Actifed, Humex, Dolirhume, Rhinadvil seront listés à partir de demain et par conséquent accessibles uniquement sur ordonnance. Une décision de l’ANSM qui, si elle est respectée par les instances de la profession, ne manque pas de soulever plusieurs interrogations quant à sa pertinence. Et à l’avenir du conseil en pharmacie.
Depuis un mois, les pharmaciens étaient avertis. Il n’empêche, la décision de l’ANSM connue de manière informelle depuis hier soir est ressentie comme un nouveau coup porté à l’arsenal thérapeutique. « Si on avait voulu tuer ces produits, on ne s’y serait pas pris autrement », déclare Pierre-Olivier Variot. Si le président de l’Union des syndicats de pharmaciens d’officine (USPO) respecte cette décision, il ne l’estime pas moins disproportionnée. Il reste surtout dubitatif sur ses effets car, insiste-t-il, « mettre un produit sur prescription n’a jamais été synonyme de bon usage, on le voit tous les jours, en témoignent les codéinés plus que jamais détournés. »

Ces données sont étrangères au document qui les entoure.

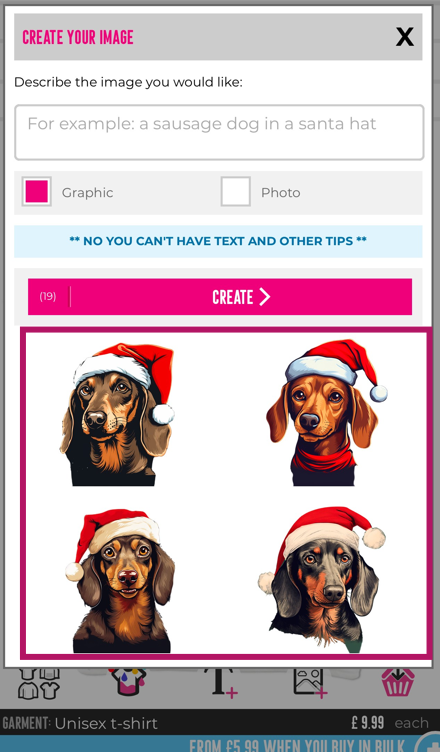 Wann Dir dann ee vun de Biller auswielt, gëtt dëst fir Iech an den Designer gelueden an Dir hutt e komplett personaliséiert Bild, dat just fir Iech gemaach gouf.

Au-delà de l’effet dissuasif escompté, la prescription médicale obligatoire risque d’engendrer des coûts supplémentaires pour l’assurance-maladie. Ce que ne manque pas de souligner Luc Besançon, directeur général de Nérès : « 3,9 millions de boîtes sont actuellement vendues, cela correspondra-t-il à 3,9 millions de consultations supplémentaires chez les généralistes ? » Si tant est que les patients puissent accéder rapidement à un médecin. En avril dernier, une étude de Doctolib a révélé que le délai pour obtenir un rendez-vous de médecine générale était de 4 à 5 jours dans 40 départements et de 6 à 7 jours dans 11 autres. Soit la durée d’un rhume…
Autant dire que le conseil du pharmacien, notamment en solutions alternatives comme l’eau salée hypertonique, sera plus que jamais attendu au comptoir. C’est le côté positif de cette décision que veut retenir Philippe Besset, président de la Fédération des syndicats pharmaceutiques de France (FSPF). Il soutient quant à lui une décision prise en conférence de consensus qu’il n’y a pas lieu de remettre en cause. « Notre rôle est d’expliquer aux patients que la médecine, en tant qu’activité humaine, évolue dans le temps. » À propos d’évolution, la profession reste cependant dans l’attente d’avancées significatives. « L’ANSM nous avait promis de reconsidérer le délistage et de se prononcer sur la mise à disposition de nouvelles molécules. Je constate qu’elle n’a pas tenu parole à ce jour. Aucun groupe de travail n’a été mis en place », pointe Pierre-Olivier Variot, faisant allusion à une liste produite par Nérès sur une centaine de molécules accessibles dans d’autres pays européens.
Pour les laboratoires, la stratégie des pouvoirs publics ne laisse pas d’interroger, notamment au sujet de l’avenir de ces produits, fabriqués pour la plupart en France et également destinés à l’export. Ce n’est pas le premier choc pour un marché dominé à 40 % par Actifed, à 29 % par Humex, à 16,7 % par Dolirhume et à 11,6 % par Rhinadvil (parts de marché sur les douze derniers mois)*. En décembre 2022, l’ANSM avait émis une première alerte. Dès janvier, les ventes avaient alors chuté de 57 % comme en attestent les données GERS Data. Puis avec le second coup porté en octobre 2023 avec la fin du libre accès, les ventes cumulées novembre 2024 vs novembre 2023 ont continué de s’infléchir : de 25 % en valeur à 18 918 000 euros et de 29 % en volume (2 896 180 unités).